* What you need to do
Omitting all pictures, retype the entries below exactly as given.
START Available data
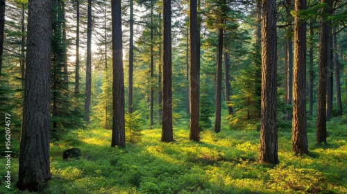 © Bilal, Obraz premium Pine trees in the forest with evening light filtering through
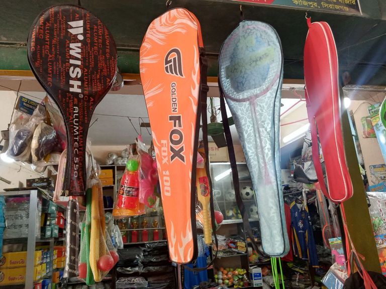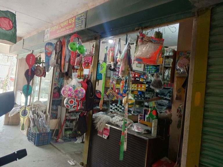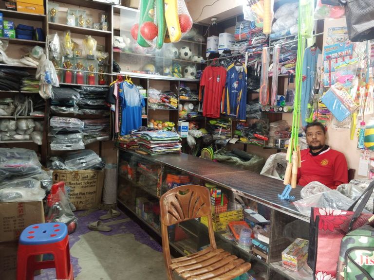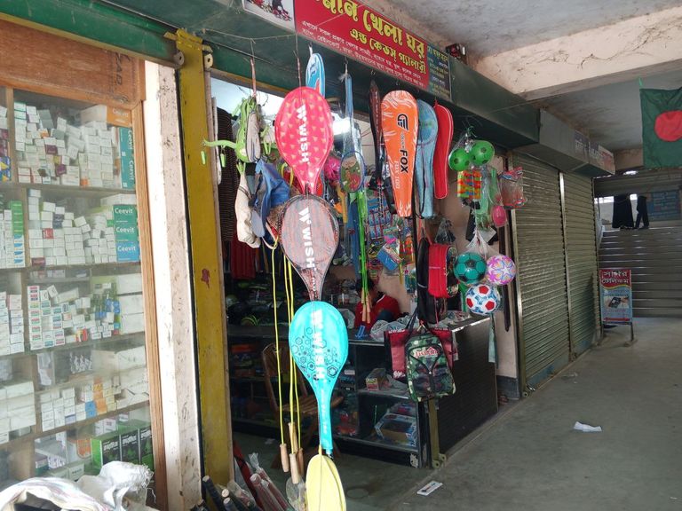 Since sports is the only shop in our market, the shop owner tries to keep various sports equipment in the shop, collects and sells sports equipment from different places including Dhaka, all kinds of sports equipment, exercise equipment, school and college keds bags, raincoats, umbrellas and high-quality shoes are available in his shop, he sells all these items at cheap prices.
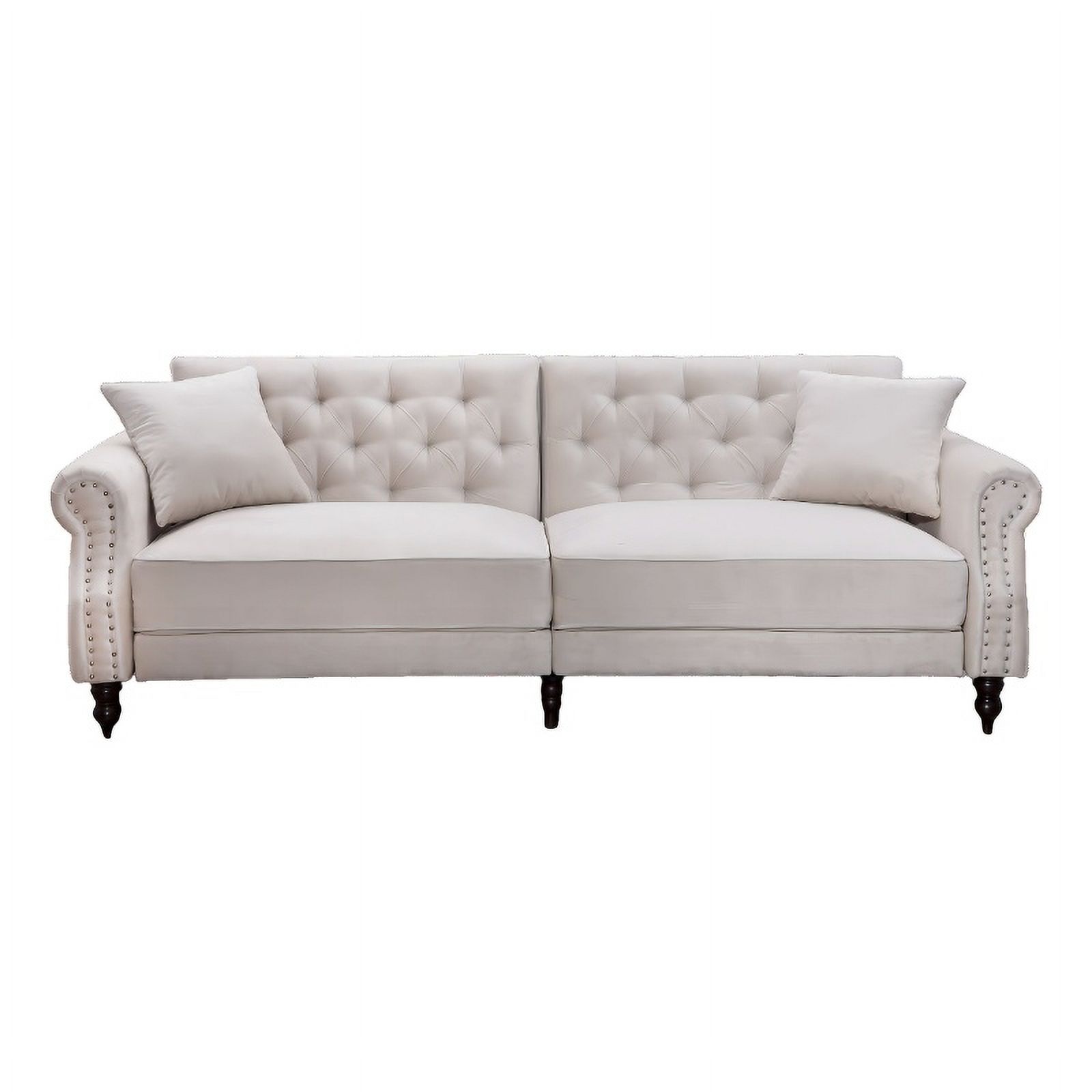 87.8'' Convertible Cream Velvet Sofa Bed Sleeper
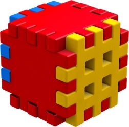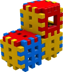 Getande randen en roosteroppervlakken zorgen voor een stevige verbinding van de stukken en maken het bouwen van simpele 3D-vormen, blokken en torens mogelijk.
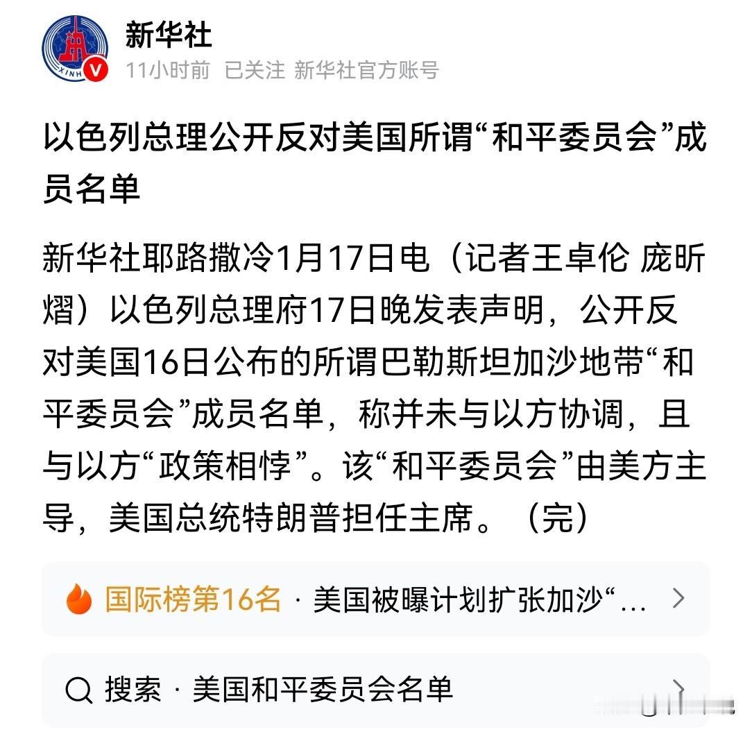特朗普会不会和以色列“掀桌子” 昨天以色列总理内塔尼亚胡公开反对特朗普公布的“和平委员会”名单,而“和平委员会”由特朗普担任主席。 特朗普现在正处在抓捕马杜罗之后的亢奋期,谁反对特朗普就是与其作对。甚至现在特朗普已经发展到谁“忤逆”他就和谁过不去的地步,那么现在就看特朗普会不会和内塔尼亚胡掀桌子了。
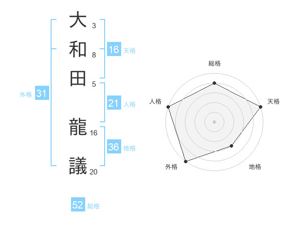 大和田 龍議さんを姓名の画数から五運を鑑定
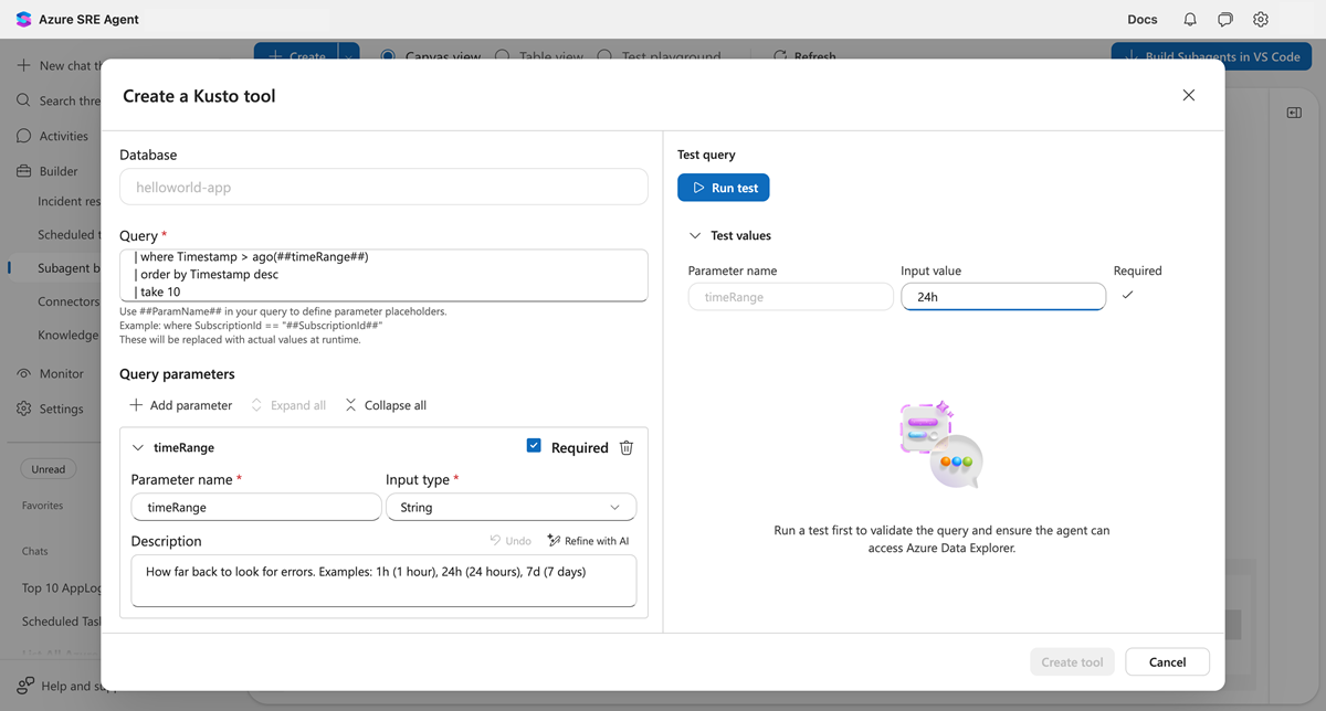 - Creare uno strumento Kusto nel generatore di subagent
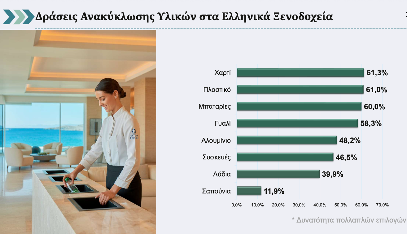 -Για τη διαχείριση αποβλήτων τόσο οι δράσεις ανακύκλωσης όσο και οι δράσεις μείωσης χρήσης υλικών στα ελληνικά ξενοδοχεία, το μεγαλύτερο ποσοστό αφορούν σε χαρτί και πλαστικό σε ποσοστό πάνω από 61% και πάνω από 39% αντίστοιχα.
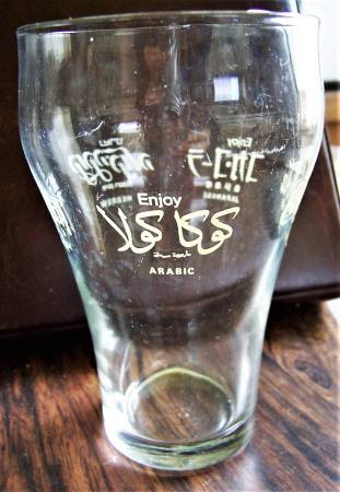 10 oz. glasses with Coca-Cola written in five languages-English, Chinese, Arabic, Hebrew and Japanese. Meet to exchange. Otherwise include $9 for shipping.
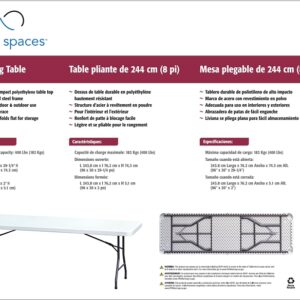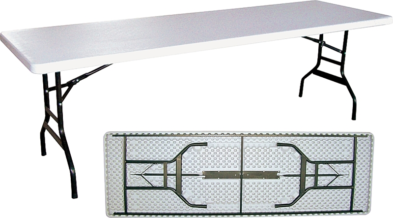 With this multi-utility banquet table you can be rest assured that you will have enough surface space for any function and take the stress out of hosting your next gathering. This rectangular bi-fold folding table is 8 feet long and is beneficial in a multitude of settings that include banquet halls, conference centers, cafeterias, schools and in the home. Use as a temporary seating solution or setup for everyday use. This plastic folding table comfortably seats up to eight adults while ensuring plenty of legroom. Speed up the time it takes to set-up and tear-down wedding receptions, graduation parties, banquets, buffets and other events with this folding table. Whether you're hosting an indoor or outdoor gathering, the smooth design is easy to wipe clean. When using for outdoor events store indoors to protect the frame from extreme moisture. The table legs fold under for storage while the attached carrying handle provides better portability. This table is commercial grade to withstand everyday use in the hospitality industry.Item Specifications
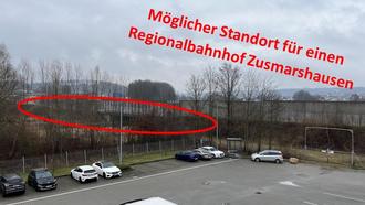 Das Foto zeigt die Lärmschutzwand auf der Nordseite der Autobahn. Im eingekreisten Bereich in der Nähe des Unternehmens „Chefs Culinar“ könnte beim Ausbau der Bahnstrecke Ulm-Augsburg mit der hellorangen Trasse der Regionalbahnhof im Zusamtal entstehen
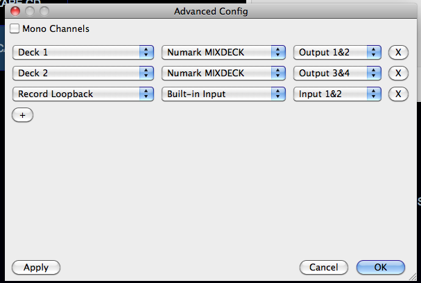 Ok. So is there any way that I can record with the mixdeck using the CoreAudio built in soundcard on the Mac? I have a Macbook from 2008. Currently I have everything plugged in correctly, mixdeck is up and going, but I can't get it to record correctly in the program. It basically doesn't respond to any volume fading I do on the mixdeck (since the onscreen volume faders are all the way up at all times). And whenever I try to set it up with the "record loopback" option, I get a CoreAudio sound card error. Any help?
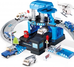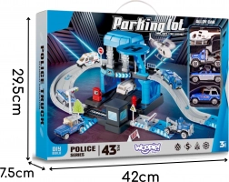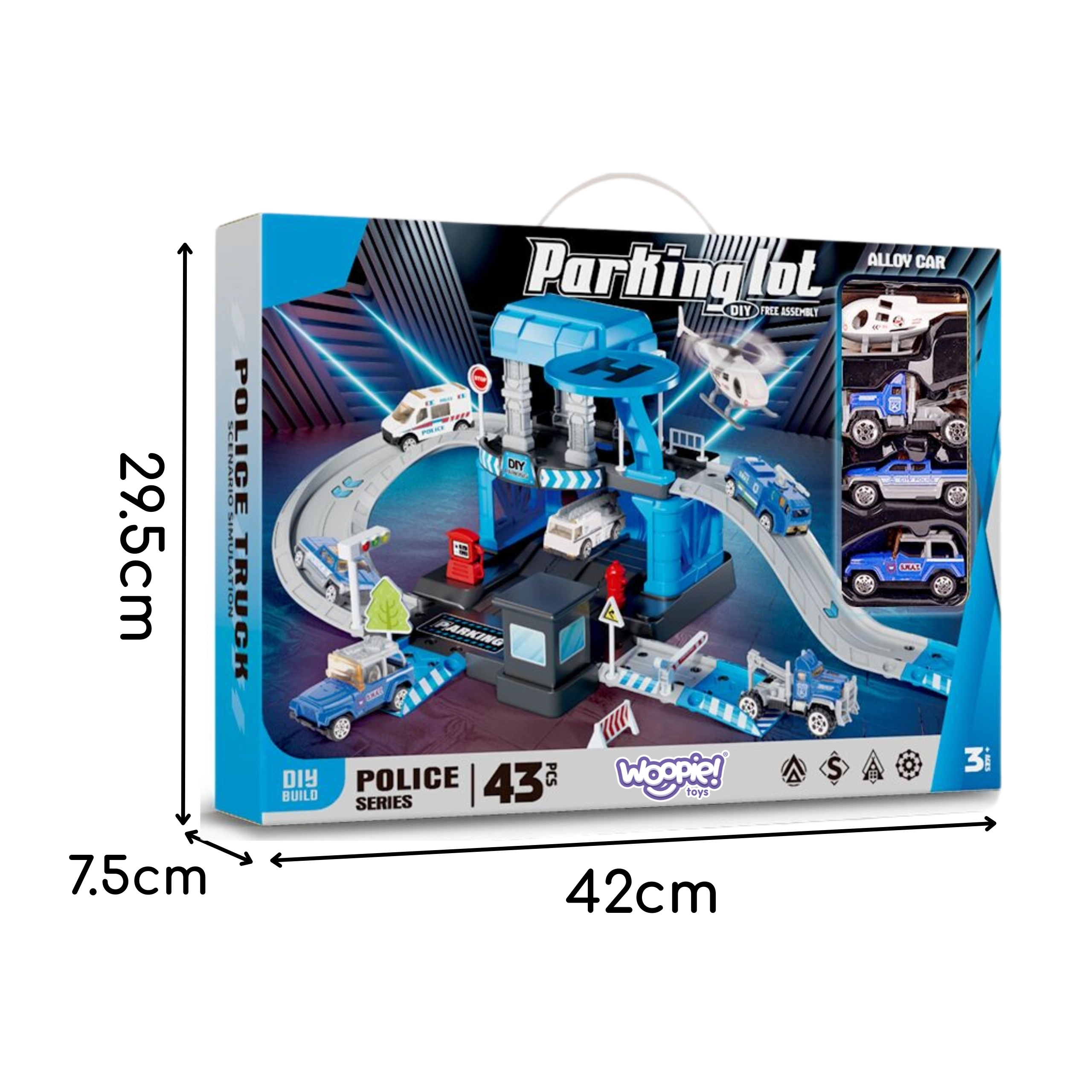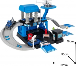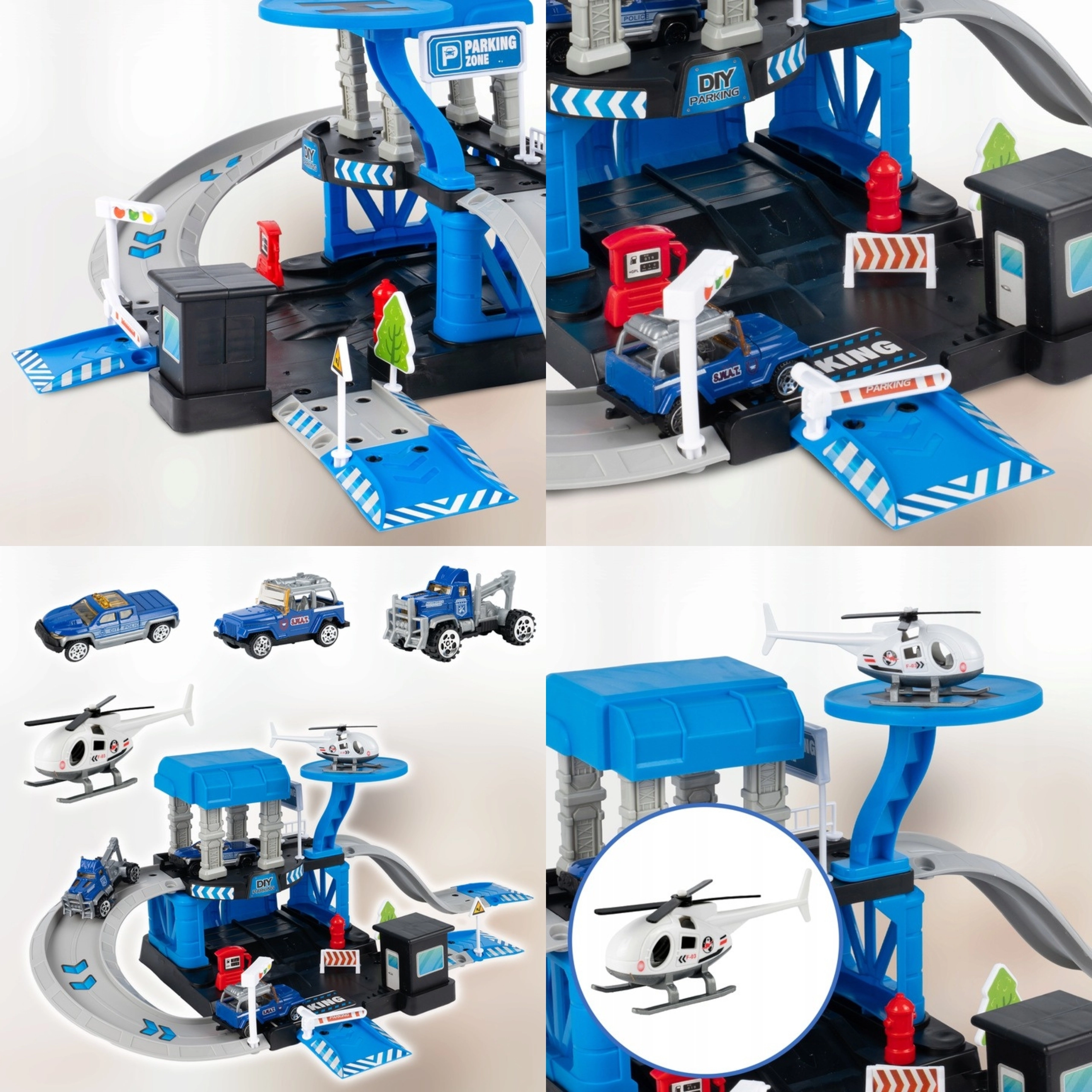 Skab din egen politiby! Dette to-etagers parkeringsanlæg med kommissariat byder på ramper, nedkørsler og en landingsplads til helikopter. Takket være de realistiske detaljer som tankstation, bomme, trafikskilte, trafiklys og vagtbod kan børnene let finde på utallige historier og missioner.
END Available data
* Result for this task
 © Bilal, Obraz premium Pine trees in the forest with evening light filtering through
 Since sports is the only shop in our market, the shop owner tries to keep various sports equipment in the shop, collects and sells sports equipment from different places including Dhaka, all kinds of sports equipment, exercise equipment, school and college keds bags, raincoats, umbrellas and high-quality shoes are available in his shop, he sells all these items at cheap prices.
 87.8'' Convertible Cream Velvet Sofa Bed Sleeper
 Getande randen en roosteroppervlakken zorgen voor een stevige verbinding van de stukken en maken het bouwen van simpele 3D-vormen, blokken en torens mogelijk.
特朗普会不会和以色列“掀桌子” 昨天以色列总理内塔尼亚胡公开反对特朗普公布的“和平委员会”名单,而“和平委员会”由特朗普担任主席。 特朗普现在正处在抓捕马杜罗之后的亢奋期,谁反对特朗普就是与其作对。甚至现在特朗普已经发展到谁“忤逆”他就和谁过不去的地步,那么现在就看特朗普会不会和内塔尼亚胡掀桌子了。
 大和田 龍議さんを姓名の画数から五運を鑑定
 - Creare uno strumento Kusto nel generatore di subagent
 -Για τη διαχείριση αποβλήτων τόσο οι δράσεις ανακύκλωσης όσο και οι δράσεις μείωσης χρήσης υλικών στα ελληνικά ξενοδοχεία, το μεγαλύτερο ποσοστό αφορούν σε χαρτί και πλαστικό σε ποσοστό πάνω από 61% και πάνω από 39% αντίστοιχα.
 10 oz. glasses with Coca-Cola written in five languages-English, Chinese, Arabic, Hebrew and Japanese. Meet to exchange. Otherwise include $9 for shipping.
 With this multi-utility banquet table you can be rest assured that you will have enough surface space for any function and take the stress out of hosting your next gathering. This rectangular bi-fold folding table is 8 feet long and is beneficial in a multitude of settings that include banquet halls, conference centers, cafeterias, schools and in the home. Use as a temporary seating solution or setup for everyday use. This plastic folding table comfortably seats up to eight adults while ensuring plenty of legroom. Speed up the time it takes to set-up and tear-down wedding receptions, graduation parties, banquets, buffets and other events with this folding table. Whether you're hosting an indoor or outdoor gathering, the smooth design is easy to wipe clean. When using for outdoor events store indoors to protect the frame from extreme moisture. The table legs fold under for storage while the attached carrying handle provides better portability. This table is commercial grade to withstand everyday use in the hospitality industry.Item Specifications
 Das Foto zeigt die Lärmschutzwand auf der Nordseite der Autobahn. Im eingekreisten Bereich in der Nähe des Unternehmens „Chefs Culinar“ könnte beim Ausbau der Bahnstrecke Ulm-Augsburg mit der hellorangen Trasse der Regionalbahnhof im Zusamtal entstehen
 Ok. So is there any way that I can record with the mixdeck using the CoreAudio built in soundcard on the Mac? I have a Macbook from 2008. Currently I have everything plugged in correctly, mixdeck is up and going, but I can't get it to record correctly in the program. It basically doesn't respond to any volume fading I do on the mixdeck (since the onscreen volume faders are all the way up at all times). And whenever I try to set it up with the "record loopback" option, I get a CoreAudio sound card error. Any help?
 Skab din egen politiby! Dette to-etagers parkeringsanlæg med kommissariat byder på ramper, nedkørsler og en landingsplads til helikopter. Takket være de realistiske detaljer som tankstation, bomme, trafikskilte, trafiklys og vagtbod kan børnene let finde på utallige historier og missioner.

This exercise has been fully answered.